TASK INSTRUCTIONS => Each line of the data must be copied exactly.

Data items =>
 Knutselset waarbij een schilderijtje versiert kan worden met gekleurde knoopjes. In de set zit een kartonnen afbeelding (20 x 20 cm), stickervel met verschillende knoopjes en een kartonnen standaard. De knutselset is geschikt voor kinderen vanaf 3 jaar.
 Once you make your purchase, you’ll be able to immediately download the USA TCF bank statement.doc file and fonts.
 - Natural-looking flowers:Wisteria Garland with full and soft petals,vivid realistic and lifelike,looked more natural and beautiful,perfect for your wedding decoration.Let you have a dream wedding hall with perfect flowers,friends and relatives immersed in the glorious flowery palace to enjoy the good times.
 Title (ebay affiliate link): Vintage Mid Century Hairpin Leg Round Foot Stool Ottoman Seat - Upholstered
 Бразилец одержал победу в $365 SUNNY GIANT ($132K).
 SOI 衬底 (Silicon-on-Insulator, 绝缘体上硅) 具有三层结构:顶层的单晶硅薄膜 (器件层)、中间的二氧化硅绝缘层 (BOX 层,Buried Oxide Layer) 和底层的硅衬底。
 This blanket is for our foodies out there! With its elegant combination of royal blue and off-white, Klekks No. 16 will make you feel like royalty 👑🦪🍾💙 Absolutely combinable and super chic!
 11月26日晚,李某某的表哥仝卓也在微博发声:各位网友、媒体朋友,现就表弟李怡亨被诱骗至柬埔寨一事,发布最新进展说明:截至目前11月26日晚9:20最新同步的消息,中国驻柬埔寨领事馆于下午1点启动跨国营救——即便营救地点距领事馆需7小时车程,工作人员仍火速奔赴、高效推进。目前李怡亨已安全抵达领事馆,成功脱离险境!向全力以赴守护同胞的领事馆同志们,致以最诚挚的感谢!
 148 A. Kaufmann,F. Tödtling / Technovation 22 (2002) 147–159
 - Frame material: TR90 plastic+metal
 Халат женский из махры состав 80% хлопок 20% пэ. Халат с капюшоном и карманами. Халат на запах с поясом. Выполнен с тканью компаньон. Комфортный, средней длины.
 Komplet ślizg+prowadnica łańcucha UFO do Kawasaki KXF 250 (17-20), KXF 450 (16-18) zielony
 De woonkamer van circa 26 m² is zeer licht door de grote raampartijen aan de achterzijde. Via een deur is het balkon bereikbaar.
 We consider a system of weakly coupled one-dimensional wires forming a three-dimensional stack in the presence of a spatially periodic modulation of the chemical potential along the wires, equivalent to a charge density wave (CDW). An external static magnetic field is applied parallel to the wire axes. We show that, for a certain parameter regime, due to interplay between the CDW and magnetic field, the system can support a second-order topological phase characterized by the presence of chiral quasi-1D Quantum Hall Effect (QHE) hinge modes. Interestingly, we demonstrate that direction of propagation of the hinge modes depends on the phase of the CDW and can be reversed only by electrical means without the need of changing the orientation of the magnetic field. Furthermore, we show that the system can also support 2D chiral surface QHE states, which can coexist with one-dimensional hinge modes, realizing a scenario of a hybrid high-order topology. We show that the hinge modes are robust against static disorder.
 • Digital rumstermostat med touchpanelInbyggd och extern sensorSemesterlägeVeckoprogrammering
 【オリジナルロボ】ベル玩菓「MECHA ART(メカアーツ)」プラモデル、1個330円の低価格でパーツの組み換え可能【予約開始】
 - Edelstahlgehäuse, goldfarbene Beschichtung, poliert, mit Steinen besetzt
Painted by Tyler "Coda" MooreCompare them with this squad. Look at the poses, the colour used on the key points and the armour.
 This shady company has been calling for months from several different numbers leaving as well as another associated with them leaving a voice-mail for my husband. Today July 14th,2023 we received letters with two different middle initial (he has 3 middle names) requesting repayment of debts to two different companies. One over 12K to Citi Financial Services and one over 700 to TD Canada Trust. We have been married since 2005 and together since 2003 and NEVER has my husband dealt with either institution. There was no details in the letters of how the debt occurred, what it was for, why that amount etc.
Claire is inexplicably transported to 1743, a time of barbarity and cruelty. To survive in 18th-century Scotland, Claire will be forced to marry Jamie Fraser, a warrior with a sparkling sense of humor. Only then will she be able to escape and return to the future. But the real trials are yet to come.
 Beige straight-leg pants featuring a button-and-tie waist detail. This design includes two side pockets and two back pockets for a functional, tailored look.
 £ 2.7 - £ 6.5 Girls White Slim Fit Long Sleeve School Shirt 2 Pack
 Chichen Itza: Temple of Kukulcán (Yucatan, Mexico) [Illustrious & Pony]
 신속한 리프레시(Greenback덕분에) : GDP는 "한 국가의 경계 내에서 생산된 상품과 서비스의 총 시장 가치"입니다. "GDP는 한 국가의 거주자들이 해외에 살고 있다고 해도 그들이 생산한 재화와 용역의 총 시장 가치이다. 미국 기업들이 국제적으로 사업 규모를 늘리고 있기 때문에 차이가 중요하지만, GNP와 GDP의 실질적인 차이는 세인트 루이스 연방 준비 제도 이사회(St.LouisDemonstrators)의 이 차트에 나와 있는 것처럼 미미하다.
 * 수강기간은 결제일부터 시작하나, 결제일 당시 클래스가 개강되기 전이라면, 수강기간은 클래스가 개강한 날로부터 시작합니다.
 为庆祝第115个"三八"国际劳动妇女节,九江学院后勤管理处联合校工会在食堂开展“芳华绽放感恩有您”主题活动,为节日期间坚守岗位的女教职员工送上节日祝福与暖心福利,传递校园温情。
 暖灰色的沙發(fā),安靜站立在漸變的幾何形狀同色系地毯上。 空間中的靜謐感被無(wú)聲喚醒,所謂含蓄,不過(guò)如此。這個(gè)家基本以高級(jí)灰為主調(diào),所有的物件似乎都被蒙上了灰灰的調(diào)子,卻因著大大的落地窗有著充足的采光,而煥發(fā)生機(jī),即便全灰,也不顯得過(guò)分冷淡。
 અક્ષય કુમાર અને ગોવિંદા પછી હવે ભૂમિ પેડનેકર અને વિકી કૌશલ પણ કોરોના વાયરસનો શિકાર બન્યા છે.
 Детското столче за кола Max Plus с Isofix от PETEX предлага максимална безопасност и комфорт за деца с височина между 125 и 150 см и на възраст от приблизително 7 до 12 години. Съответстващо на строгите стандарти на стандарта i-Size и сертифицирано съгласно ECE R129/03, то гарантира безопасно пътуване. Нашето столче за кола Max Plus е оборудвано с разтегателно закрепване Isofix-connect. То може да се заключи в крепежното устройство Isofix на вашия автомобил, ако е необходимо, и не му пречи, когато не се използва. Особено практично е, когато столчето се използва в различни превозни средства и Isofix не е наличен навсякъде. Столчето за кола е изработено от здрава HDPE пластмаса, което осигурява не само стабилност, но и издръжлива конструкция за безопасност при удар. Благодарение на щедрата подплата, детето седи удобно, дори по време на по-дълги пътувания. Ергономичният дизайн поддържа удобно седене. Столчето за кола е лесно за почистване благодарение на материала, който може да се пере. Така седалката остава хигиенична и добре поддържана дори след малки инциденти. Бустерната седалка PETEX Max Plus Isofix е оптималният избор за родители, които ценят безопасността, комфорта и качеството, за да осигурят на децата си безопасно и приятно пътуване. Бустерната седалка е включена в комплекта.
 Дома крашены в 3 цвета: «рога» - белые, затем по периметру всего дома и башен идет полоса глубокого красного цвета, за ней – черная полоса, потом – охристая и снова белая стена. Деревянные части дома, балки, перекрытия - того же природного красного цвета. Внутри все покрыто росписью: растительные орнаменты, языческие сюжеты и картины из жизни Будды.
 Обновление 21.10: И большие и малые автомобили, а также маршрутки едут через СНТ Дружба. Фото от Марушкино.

SOLUTION =>
 Knutselset waarbij een schilderijtje versiert kan worden met gekleurde knoopjes. In de set zit een kartonnen afbeelding (20 x 20 cm), stickervel met verschillende knoopjes en een kartonnen standaard. De knutselset is geschikt voor kinderen vanaf 3 jaar.
 Once you make your purchase, you’ll be able to immediately download the USA TCF bank statement.doc file and fonts.
 - Natural-looking flowers:Wisteria Garland with full and soft petals,vivid realistic and lifelike,looked more natural and beautiful,perfect for your wedding decoration.Let you have a dream wedding hall with perfect flowers,friends and relatives immersed in the glorious flowery palace to enjoy the good times.
 Title (ebay affiliate link): Vintage Mid Century Hairpin Leg Round Foot Stool Ottoman Seat - Upholstered
 Бразилец одержал победу в $365 SUNNY GIANT ($132K).
 SOI 衬底 (Silicon-on-Insulator, 绝缘体上硅) 具有三层结构:顶层的单晶硅薄膜 (器件层)、中间的二氧化硅绝缘层 (BOX 层,Buried Oxide Layer) 和底层的硅衬底。
 This blanket is for our foodies out there! With its elegant combination of royal blue and off-white, Klekks No. 16 will make you feel like royalty 👑🦪🍾💙 Absolutely combinable and super chic!
 11月26日晚,李某某的表哥仝卓也在微博发声:各位网友、媒体朋友,现就表弟李怡亨被诱骗至柬埔寨一事,发布最新进展说明:截至目前11月26日晚9:20最新同步的消息,中国驻柬埔寨领事馆于下午1点启动跨国营救——即便营救地点距领事馆需7小时车程,工作人员仍火速奔赴、高效推进。目前李怡亨已安全抵达领事馆,成功脱离险境!向全力以赴守护同胞的领事馆同志们,致以最诚挚的感谢!
 148 A. Kaufmann,F. Tödtling / Technovation 22 (2002) 147–159
 - Frame material: TR90 plastic+metal
 Халат женский из махры состав 80% хлопок 20% пэ. Халат с капюшоном и карманами. Халат на запах с поясом. Выполнен с тканью компаньон. Комфортный, средней длины.
 Komplet ślizg+prowadnica łańcucha UFO do Kawasaki KXF 250 (17-20), KXF 450 (16-18) zielony
 De woonkamer van circa 26 m² is zeer licht door de grote raampartijen aan de achterzijde. Via een deur is het balkon bereikbaar.
 We consider a system of weakly coupled one-dimensional wires forming a three-dimensional stack in the presence of a spatially periodic modulation of the chemical potential along the wires, equivalent to a charge density wave (CDW). An external static magnetic field is applied parallel to the wire axes. We show that, for a certain parameter regime, due to interplay between the CDW and magnetic field, the system can support a second-order topological phase characterized by the presence of chiral quasi-1D Quantum Hall Effect (QHE) hinge modes. Interestingly, we demonstrate that direction of propagation of the hinge modes depends on the phase of the CDW and can be reversed only by electrical means without the need of changing the orientation of the magnetic field. Furthermore, we show that the system can also support 2D chiral surface QHE states, which can coexist with one-dimensional hinge modes, realizing a scenario of a hybrid high-order topology. We show that the hinge modes are robust against static disorder.
 • Digital rumstermostat med touchpanelInbyggd och extern sensorSemesterlägeVeckoprogrammering
 【オリジナルロボ】ベル玩菓「MECHA ART(メカアーツ)」プラモデル、1個330円の低価格でパーツの組み換え可能【予約開始】
 - Edelstahlgehäuse, goldfarbene Beschichtung, poliert, mit Steinen besetzt
Painted by Tyler "Coda" MooreCompare them with this squad. Look at the poses, the colour used on the key points and the armour.
 This shady company has been calling for months from several different numbers leaving as well as another associated with them leaving a voice-mail for my husband. Today July 14th,2023 we received letters with two different middle initial (he has 3 middle names) requesting repayment of debts to two different companies. One over 12K to Citi Financial Services and one over 700 to TD Canada Trust. We have been married since 2005 and together since 2003 and NEVER has my husband dealt with either institution. There was no details in the letters of how the debt occurred, what it was for, why that amount etc.
Claire is inexplicably transported to 1743, a time of barbarity and cruelty. To survive in 18th-century Scotland, Claire will be forced to marry Jamie Fraser, a warrior with a sparkling sense of humor. Only then will she be able to escape and return to the future. But the real trials are yet to come.
 Beige straight-leg pants featuring a button-and-tie waist detail. This design includes two side pockets and two back pockets for a functional, tailored look.
 £ 2.7 - £ 6.5 Girls White Slim Fit Long Sleeve School Shirt 2 Pack
 Chichen Itza: Temple of Kukulcán (Yucatan, Mexico) [Illustrious & Pony]
 신속한 리프레시(Greenback덕분에) : GDP는 "한 국가의 경계 내에서 생산된 상품과 서비스의 총 시장 가치"입니다. "GDP는 한 국가의 거주자들이 해외에 살고 있다고 해도 그들이 생산한 재화와 용역의 총 시장 가치이다. 미국 기업들이 국제적으로 사업 규모를 늘리고 있기 때문에 차이가 중요하지만, GNP와 GDP의 실질적인 차이는 세인트 루이스 연방 준비 제도 이사회(St.LouisDemonstrators)의 이 차트에 나와 있는 것처럼 미미하다.
 * 수강기간은 결제일부터 시작하나, 결제일 당시 클래스가 개강되기 전이라면, 수강기간은 클래스가 개강한 날로부터 시작합니다.
 为庆祝第115个"三八"国际劳动妇女节,九江学院后勤管理处联合校工会在食堂开展“芳华绽放感恩有您”主题活动,为节日期间坚守岗位的女教职员工送上节日祝福与暖心福利,传递校园温情。
 暖灰色的沙發(fā),安靜站立在漸變的幾何形狀同色系地毯上。 空間中的靜謐感被無(wú)聲喚醒,所謂含蓄,不過(guò)如此。這個(gè)家基本以高級(jí)灰為主調(diào),所有的物件似乎都被蒙上了灰灰的調(diào)子,卻因著大大的落地窗有著充足的采光,而煥發(fā)生機(jī),即便全灰,也不顯得過(guò)分冷淡。
 અક્ષય કુમાર અને ગોવિંદા પછી હવે ભૂમિ પેડનેકર અને વિકી કૌશલ પણ કોરોના વાયરસનો શિકાર બન્યા છે.
 Детското столче за кола Max Plus с Isofix от PETEX предлага максимална безопасност и комфорт за деца с височина между 125 и 150 см и на възраст от приблизително 7 до 12 години. Съответстващо на строгите стандарти на стандарта i-Size и сертифицирано съгласно ECE R129/03, то гарантира безопасно пътуване. Нашето столче за кола Max Plus е оборудвано с разтегателно закрепване Isofix-connect. То може да се заключи в крепежното устройство Isofix на вашия автомобил, ако е необходимо, и не му пречи, когато не се използва. Особено практично е, когато столчето се използва в различни превозни средства и Isofix не е наличен навсякъде. Столчето за кола е изработено от здрава HDPE пластмаса, което осигурява не само стабилност, но и издръжлива конструкция за безопасност при удар. Благодарение на щедрата подплата, детето седи удобно, дори по време на по-дълги пътувания. Ергономичният дизайн поддържа удобно седене. Столчето за кола е лесно за почистване благодарение на материала, който може да се пере. Така седалката остава хигиенична и добре поддържана дори след малки инциденти. Бустерната седалка PETEX Max Plus Isofix е оптималният избор за родители, които ценят безопасността, комфорта и качеството, за да осигурят на децата си безопасно и приятно пътуване. Бустерната седалка е включена в комплекта.
 Дома крашены в 3 цвета: «рога» - белые, затем по периметру всего дома и башен идет полоса глубокого красного цвета, за ней – черная полоса, потом – охристая и снова белая стена. Деревянные части дома, балки, перекрытия - того же природного красного цвета. Внутри все покрыто росписью: растительные орнаменты, языческие сюжеты и картины из жизни Будды.
 Обновление 21.10: И большие и малые автомобили, а также маршрутки едут через СНТ Дружба. Фото от Марушкино.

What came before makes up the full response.